In vitro wound healing assay
CTVT cells (3 × 105 cells/well) were seeded in 24-well plates to grow in a monolayer for 24 h. Then a sterile 20–200 μl pipette tip was held vertically to scratch across each well. The detached cells were removed by washing with 500 μl PBS and shaken at 500 rpm for 5 min. A total of 500 μl of fresh medium with or without diluted samples were added afterward and incubated for 72 h. Before image acquisition, the plate was washed with 500 μl pre-warmed PBS and gently shaken for 30 s. Then, a pre-warmed medium or sample was added again, and pictures were taken. The scratch closure was monitored and imaged using Axiovert 25 microscope (Zeiss, Germany). The analysis of images was performed using the Image J software (13) which calculates the scratch area (open wound area) for each image. Three independent experiments and presented as mean ± SD from three independent experiments (with three replicates for each concentration) (14).

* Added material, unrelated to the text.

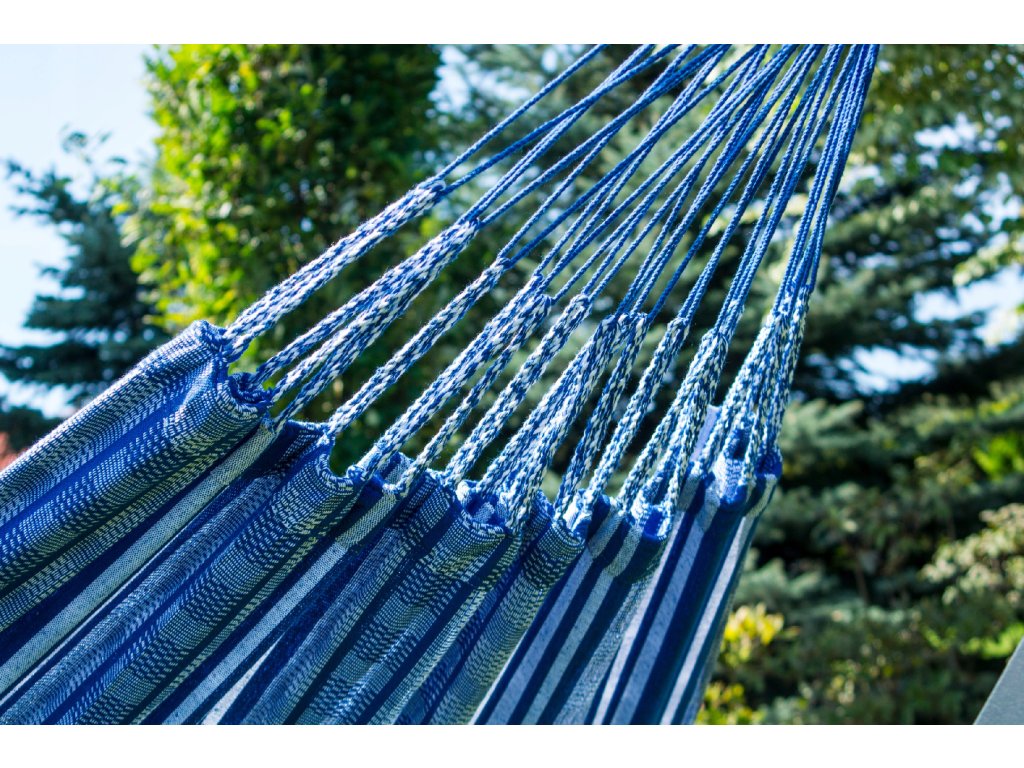 Brzegi materiałów są fabrycznie zakończone oraz wzmocnione podwójną gęstością splotu podwyższając tym samym znacząco wytrzymałość hamaka.

Clonogenic survival assays
CTVT single-cell suspensions of exponentially growing cultures were seeded into six-well plates at 1 × 105 cells (expecting a resulting countable number of colonies per well) and allowed to adhere. Upon adherence, the cell culture medium was refreshed (2 ml/well in most experiments), and cells were treated with drugs at different doses of dilution. Cells were then incubated at 37 °C for 15 days. Fixation and staining were performed using 80% ethanol containing 8% methylene blue (Sigma Aldrich) morphology and colony size, counting was performed at 10- to 40-fold magnification. Results are presented as mean ± SD from three independent experiments (with three replicates for each concentration).
Cell cycle analysis
After treatment, the cells were collected and washed with phosphate buffer (PBS) pH 7.2, fixed in 70% v/v ethanol, and stored at −20 °C. For cell cycle analysis, samples were washed with PBS and incubated in 0.5% v/v triton X-100, 7-amino actinomycin D (7-AAD) (10 μg/ml) solution under dark conditions at room temperature for 20 min. The DNA content was determined using a FACSCanto II flow cytometer (Becton Dickinson, San Jose, CA, USA). For cell cycle analysis and SubG0 peak evaluation, a total of 20,000 events from 7-AAD-area vs. 7-AAD-wide gate were acquired. The results were analyzed using FlowJo Software (Becton Dickinson).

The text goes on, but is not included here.